Learning Hierarchical Compositional Task Definitions through Online Situated Interactive Language Instruction
Add to Google Calendar
Artificial agents, from robots to personal assistants, have become competent workers in many settings and embodiments, but for the most part, they are limited to performing the capabilities and tasks with which they were initially programmed. Learning in these settings has predominately focused on learning to improve the agent’s performance on a task, and not on learning the actual definition of a task. The primary method for imbuing an agent with the task definition has been through programming by humans, who have detailed knowledge of the task, domain, and agent architecture. In contrast, humans quickly learn new tasks from scratch, often from instruction by another human. If we desire AI agents to be flexible and dynamically extendable, they will need to emulate these learning capabilities, and not be stuck with the limitation that task definitions must be acquired through programming.

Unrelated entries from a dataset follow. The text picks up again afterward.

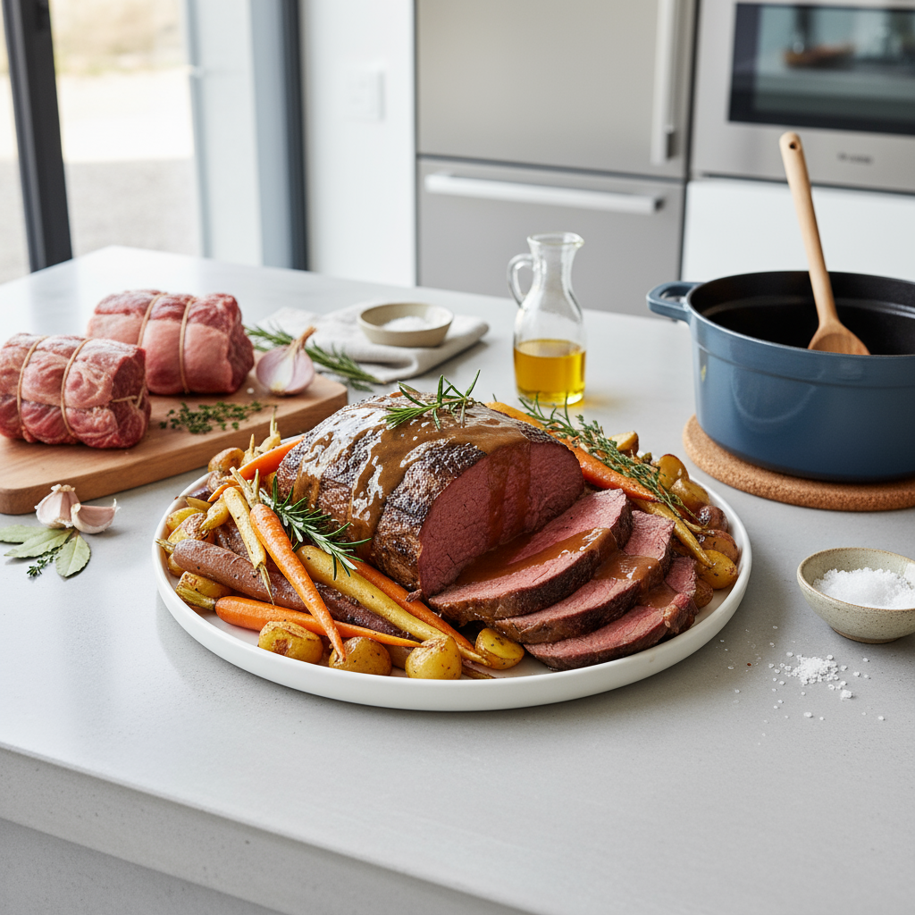 Ein Schmorbraten gelingt auch hervorragend ohne Alkohol. Rotwein dient primär dazu, Säure und komplexe Fruchtaromen beizusteuern. Als Ersatz kann man die gleiche Menge an qualitativ hochwertigem Traubensaft (rot) oder Apfelsaft verwenden, kombiniert mit einem Esslöffel dunklem Balsamicoessig, um die nötige Säure zu simulieren. Alternativ kann man auch einfach mehr kräftige Rinderbrühe oder Fond verwenden, um den Wein zu ersetzen und eine tiefe, fleischige Note zu erzielen.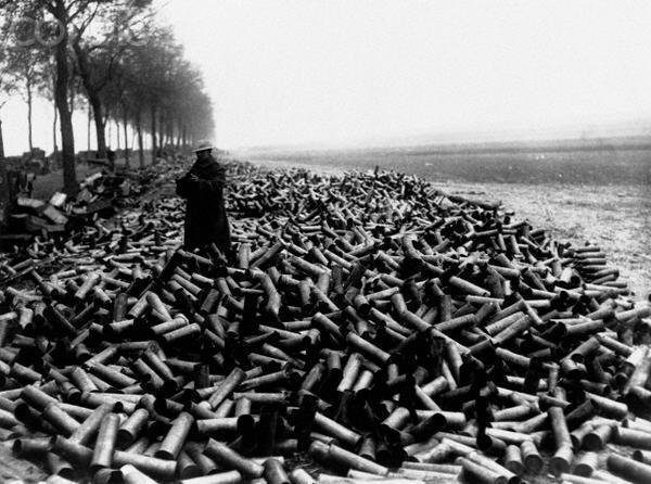 Пустые гильзы от снарядов — продукт Первой мировой войны. Аррас. Франция. Апрель 1917г.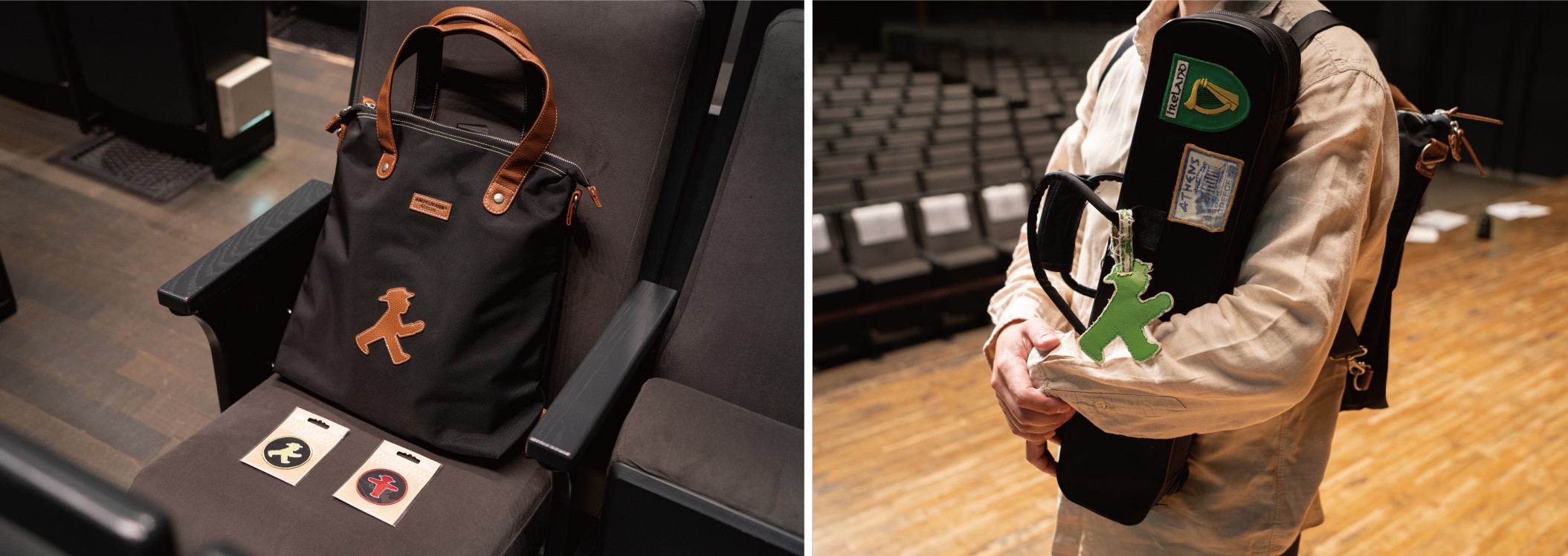 旧東ドイツの信号のマークをデザインした、アンペルマンのグッズ。カバンやワッペンがお気に入り。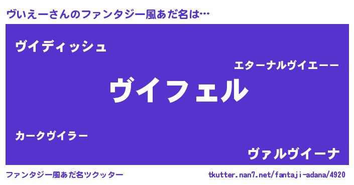 ヴいえーさんのファンタジー風あだ名をツクッター!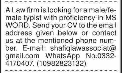Vacant posts including typist and office staff are announced in Law Firm Karachi, karachi Sindh Pakistan as per 1 September 2025 advertisement in daily Dawn Newspaper. Candidates with Intermediate and Bachelor etc. educational background will be preferred.

This dissertation explores the problem of how an Interactive Task Learning agent can learn the complete definition or formulation of novel tasks rapidly through online natural language instruction from a human instructor. Recent advances in natural language processing, memory systems, computer vision, spatial reasoning, robotics, and cognitive architectures makes the time ripe to study how knowledge can be automatically acquired, represented, transferred, and operationalized. We present a learning approach embodied in an ITL agent that interactively learns the meaning of task concepts, the goals, actions, failure conditions, and task-specific terms, for 60 games and puzzles. In our approach, the agent learns hierarchical symbolic representations of task knowledge that enable it to transfer and compose knowledge, analyze and debug multiple interpretations, and communicate with the teacher to resolve ambiguity. Our results show that the agent can correctly generalize, disambiguate, and transfer concepts across variations of language descriptions and world representations, even with distractors present.